SUPPLIED ENTRIES
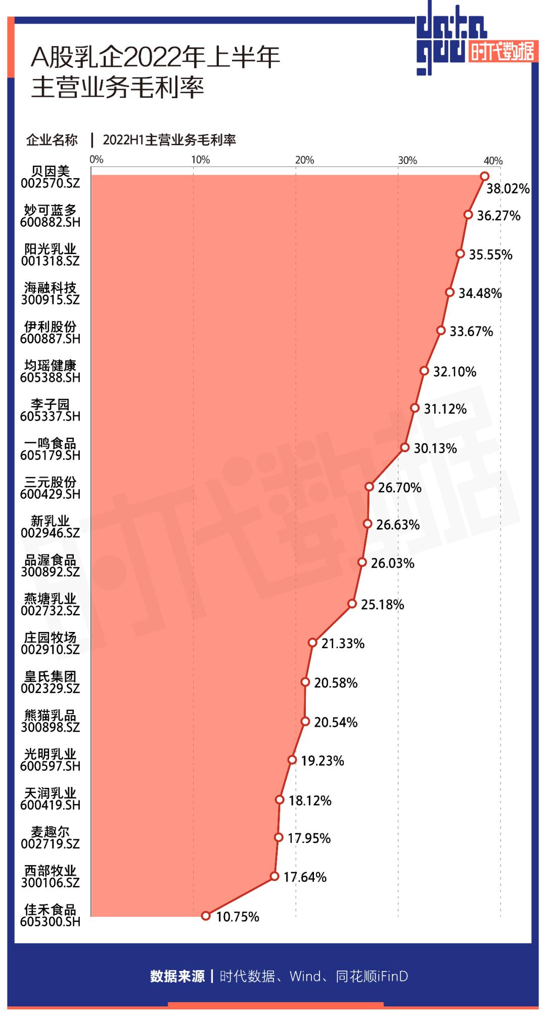 从A股乳企主营业务毛利率来看,今年上半年平均毛利率为26.1%,其中10家公司主营业务毛利率高于平均值。其中,主营业务毛利率最高的是贝因美(002570),达到38.02%;妙可蓝多(600882)紧随其后,主营业务毛利率36.27%;阳光乳业(001318)以主营业务毛利率35.55%位居第三。
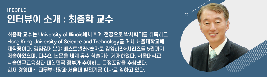 제41회 정진기언론문화상 경제경영도서상 부문에서 경영대학 최종학 교수의 『숫자로 경영하라』가 선정되어 수상의 영예를 안았다. 지난 7월 13일, 서울 중구 매경미디어센터에서 제41회 정진기언론문화상 시상식이 열렸다. 정진기언론문화재단은 매일경제신문사 창업주인 故 정진기 씨의 유지를 계승하기 위해, 독창적이고 창의적인 과학·기술연구, 벤처기업 육성, 지식문화 창조, 경제·경영 도서 저술로 국민문화 및 산업, 사회발전에 이바지한 인물들을 발굴하여 매년 ‘정진기언론문화상’을 시상하고 있다. 이번 제41회 정진기언론문화상은 과학기술연구상, 벤처기업창업상, 지식문화창조상, 경제경영도서상의 4가지 부문을 시상했다. 최종학 교수는 국내 경제·경영 분야 도서 저술로 경제발전에 기여한 저자로서 ‘경제경영도서상’을 수상했다. 영광의 주인공인 최종학 교수님을 직접 만나, 자세한 이야기를 들어보았다.
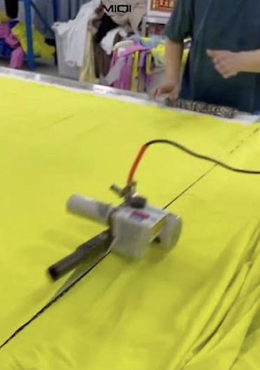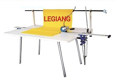 - Электрический дисковый нож на направляющей рейке: ровный чистый рез по нескольким слоям ткани.
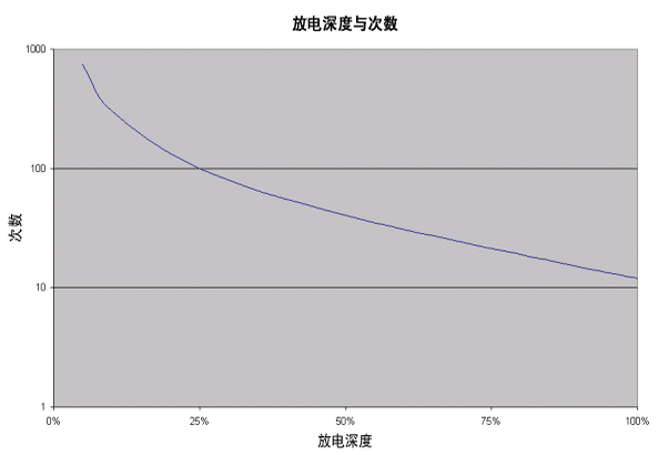 模拟充电/放电次数与放电深度的关系,式中,a、b、c是基于电池测试数据的常数。电池放电时间(小时)乘以使用次数既为总放电时间(小时)。
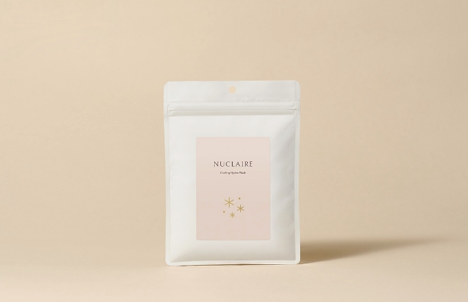 クーリングハイドロマスクを顔にのせ、ハンドプレスをしながら肌に密着させます。10分ほどおいてから剥がし、パック後の残った美容液は肌に馴染ませます。
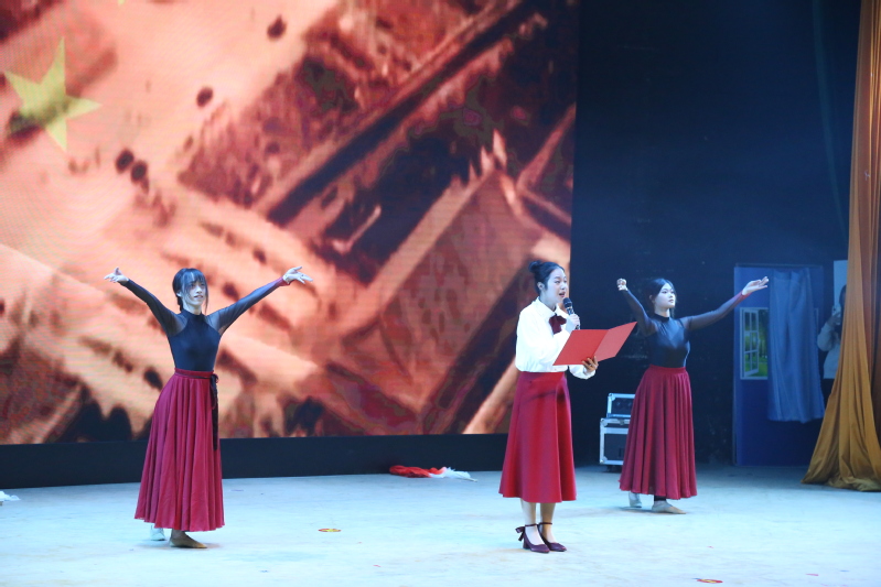 决赛共分为三个篇章——青春逢盛世、扬帆正当时、谱写新华章,通过歌舞、朗诵、脱口秀等节目,为我校师生献上了一场视听盛宴,充分展现了2023级新生的青春风貌。比赛现场,朗诵《青春中国》字里行间诉说着对祖国的热爱;一曲《山歌好比春江水》磅礴又细腻道出祖国大好河山;舞蹈《New Dance》让我们感受到青春向上的朝气……选手们用歌声唱出青春所想,用舞蹈演绎青春岁月,用言语道出青春华章。现场还设置了校史有奖问答环节,在台下观众的阵阵掌声中,比赛被推向高潮。
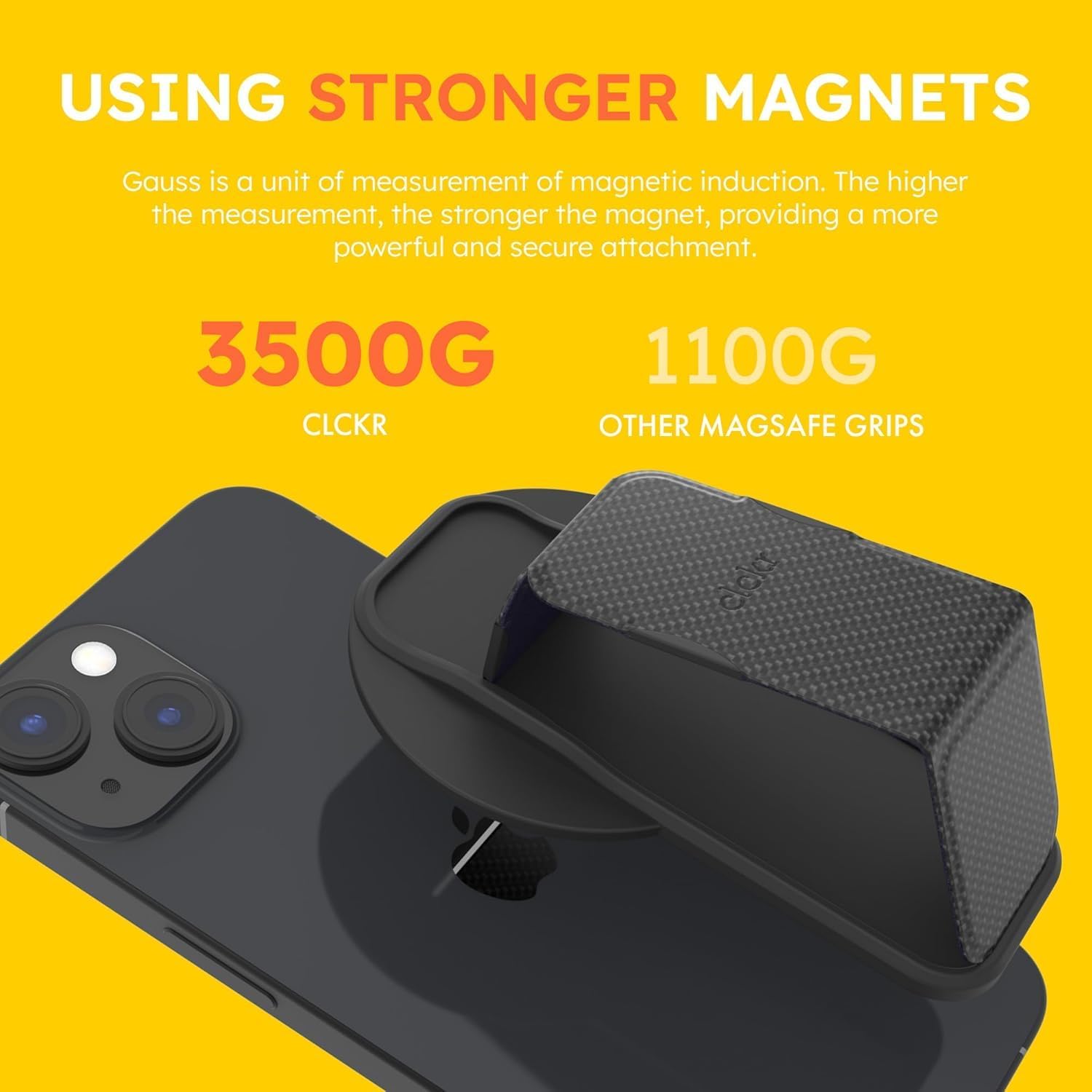 - ๐ฆ๐๐ฟ๐ผ๐ป๐ด๐ฒ๐๐ ๐ ๐ฎ๐ด๐ป๐ฒ๐ ๐๐ฟ๐ถ๐ฝ, The only MagSafe kickstand to provide an unmatched 7.7lbs (3.5 kg) magnetic force - equivalent to 15 iPhone 16 Pro Max units. With 3X magnetic strength and full MagSafe case compatibility you have no more worries about complicated installations or phone drops!
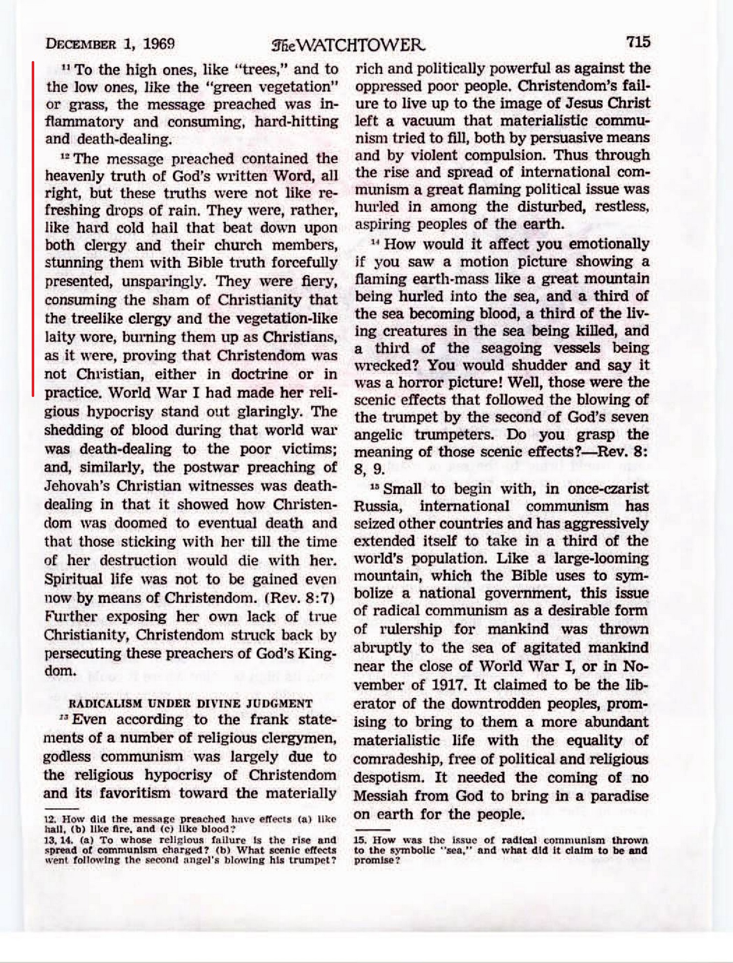 The message preached contained the heavenly truth of God’s written Word, all right, but these truths were not like refreshing drops of rain. They were, rather, like hard cold hail that beat down upon both clergy and their church members, stunning them with Bible truth forcefully presented, unsparingly. They were fiery, consuming the sham of Christianity that the treelike clergy and the vegetation-like laity wore, burning them up as Christians, as it were, proving that Christendom was not Christian, either in doctrine or in practice. Source : 🇺🇸 The Watchtower, December 1 1969, page 715 + Cover |
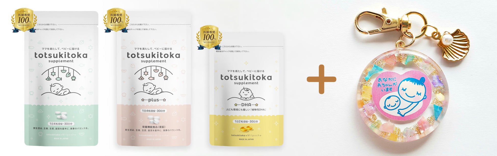 妊活サポートアプリ「konotoki」や妊娠記録アプリ「totsukitoka」を運営するアマネファクトリー株式会社(本社所在地:東京都渋谷区代表取締役齊藤慶武)が出産内祝いのギフトサイト「Milpoche」を運営する株式会社メリックス(本社所在地:大阪市北区代表取締役社長豊饒賢造)とともに提供する「トツキトオカサプリメント」「トツキトオカサプリメントplus」「トツキトオカサプリメントDHA」(セット品を含む)の定期便をキャンペーン期間中(~2025年1月31日まで)に新規ご契約いただいた方から【毎月・抽選で50名様】に「kimie. オリジナルマタニティチャーム」をプレゼント!
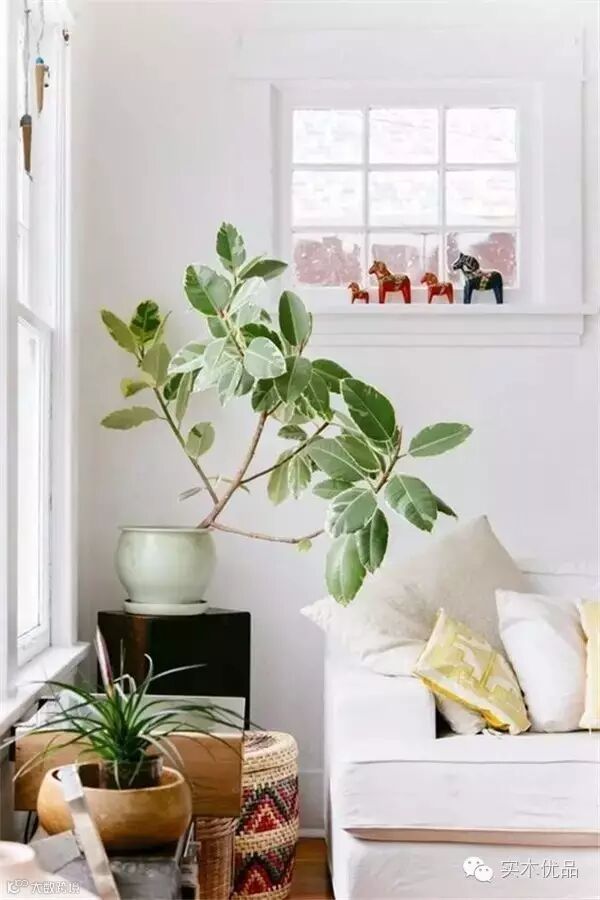 橡皮树虽喜阳但又耐阴,对光线的适应性强,所以极适合室内布置。常用来装饰客厅、书房,挺拔有生命力。
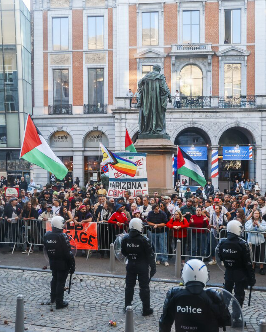 « L’attitude déjà scandaleuse des autorités continue de s’étendre à la justice, qui choisit les outils les plus lourds et brutaux à sa disposition pour réprimer nos manifestations légitimes et nécessaires contre l’extrême droitisation en cours. Face à cela, nous sommes clair.es, nous n’en resterons pas là, mais l’urgence est au soutien des personnes visées, cet après-midi au Palais. » Front Antifasciste de Liège
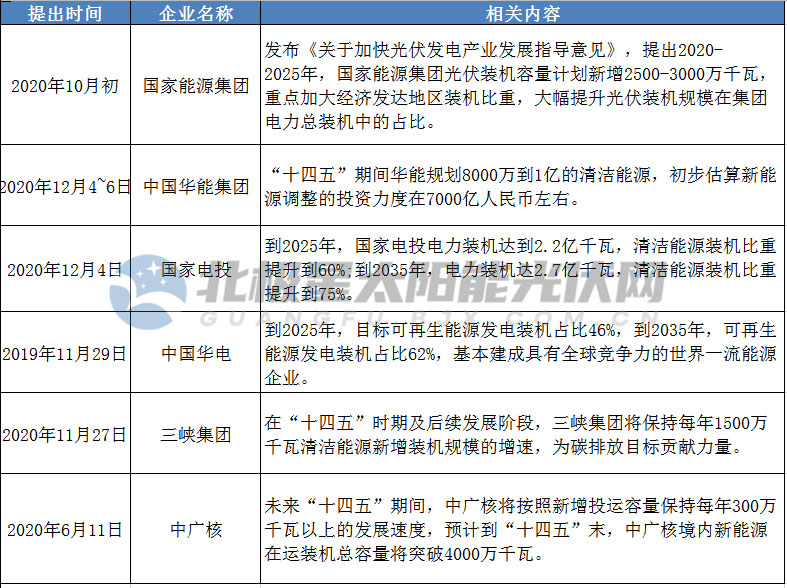 國家主席習(xí)近平12月12日在氣候雄心峰會(huì)上宣布到2030年,風(fēng)電、太陽能發(fā)電總裝機(jī)容量將達(dá)到12億千瓦以上。國家能源局新能源司副司長任育之不久前也曾預(yù)測,今年年底光伏發(fā)電從規(guī)模上將超過風(fēng)電,成為全國第三大電源,十四五新增光伏裝機(jī)規(guī)模需求還將遠(yuǎn)高于十三五。基于此光伏行業(yè)、企業(yè)對于“十四五”光伏產(chǎn)業(yè)表現(xiàn)出極大的信心并加緊制定新的企業(yè)發(fā)展規(guī)劃,“五大四小”發(fā)電集團(tuán)同樣如此。
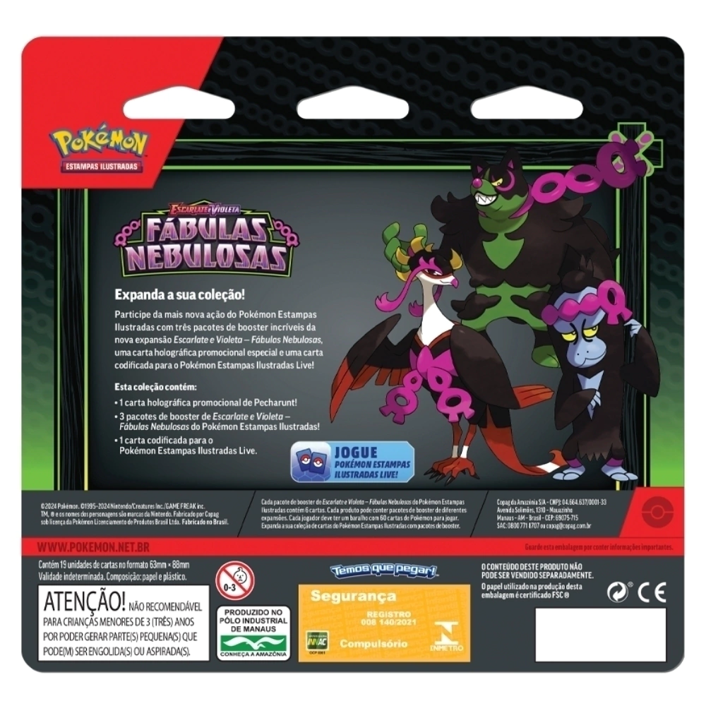 - A Variação (3 Unidades) Contém: 3 Unidades de Blister Triplo Fábulas Nebulosas com a carta promocional do Pecharunt;
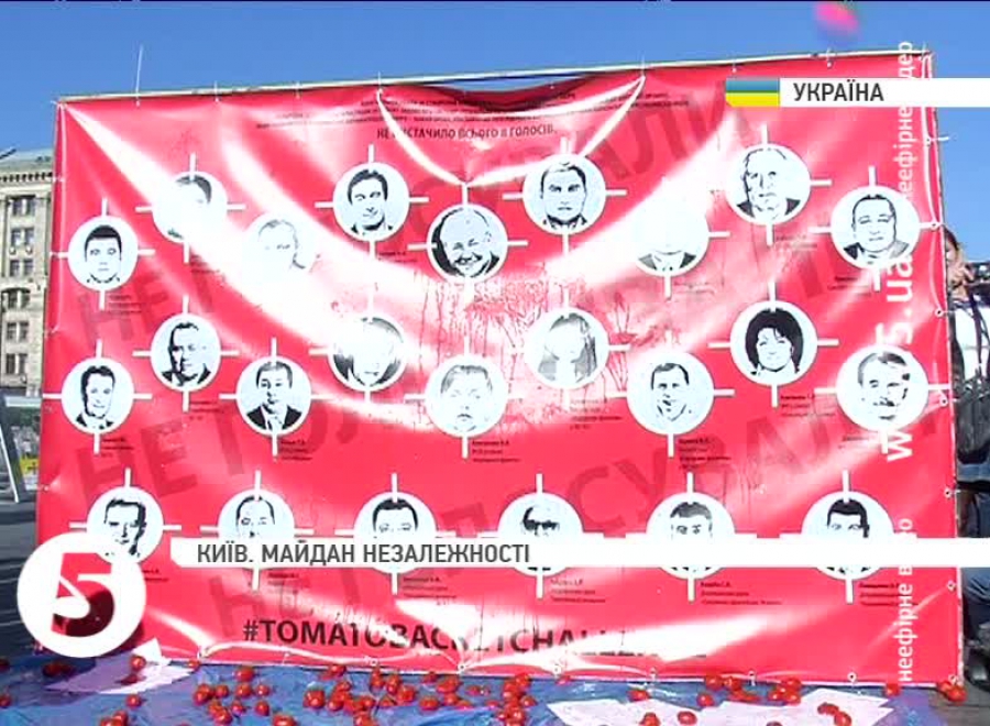 На Майдані Незалежності метали гнилі томати у портрети тих народних обранців, які 16-го вересня не голосували за створення Антикорупційного бюро. Під томатний обстріл потрапили двадцять чотири нардепи, які не бажають протидіяти корупції. Дев'ятнадцять з них і тепер балотуються до Верховної Ради, причому це як колишні регіонали, так і кандидати від Блоку Петра Порошенка, "Народного фронту" і "Батьківщини". П'ятдесят кілограмів помідорів мають отямити депутатів – вирішили активісти, і дали їм шанс виправитися і таки проголосувати за антикорупційний законопроект 7-го жовтня, коли парламент збереться на позачергове засідання,

EXERCISE AIM
Your output should be the lines above from the one that contains "國家主席習(xí)近平12月" through the one that contains "- A Variação", word for word, with pictures left out.

EXERCISE OUTPUT
 國家主席習(xí)近平12月12日在氣候雄心峰會(huì)上宣布到2030年,風(fēng)電、太陽能發(fā)電總裝機(jī)容量將達(dá)到12億千瓦以上。國家能源局新能源司副司長任育之不久前也曾預(yù)測,今年年底光伏發(fā)電從規(guī)模上將超過風(fēng)電,成為全國第三大電源,十四五新增光伏裝機(jī)規(guī)模需求還將遠(yuǎn)高于十三五。基于此光伏行業(yè)、企業(yè)對于“十四五”光伏產(chǎn)業(yè)表現(xiàn)出極大的信心并加緊制定新的企業(yè)發(fā)展規(guī)劃,“五大四小”發(fā)電集團(tuán)同樣如此。
 - A Variação (3 Unidades) Contém: 3 Unidades de Blister Triplo Fábulas Nebulosas com a carta promocional do Pecharunt;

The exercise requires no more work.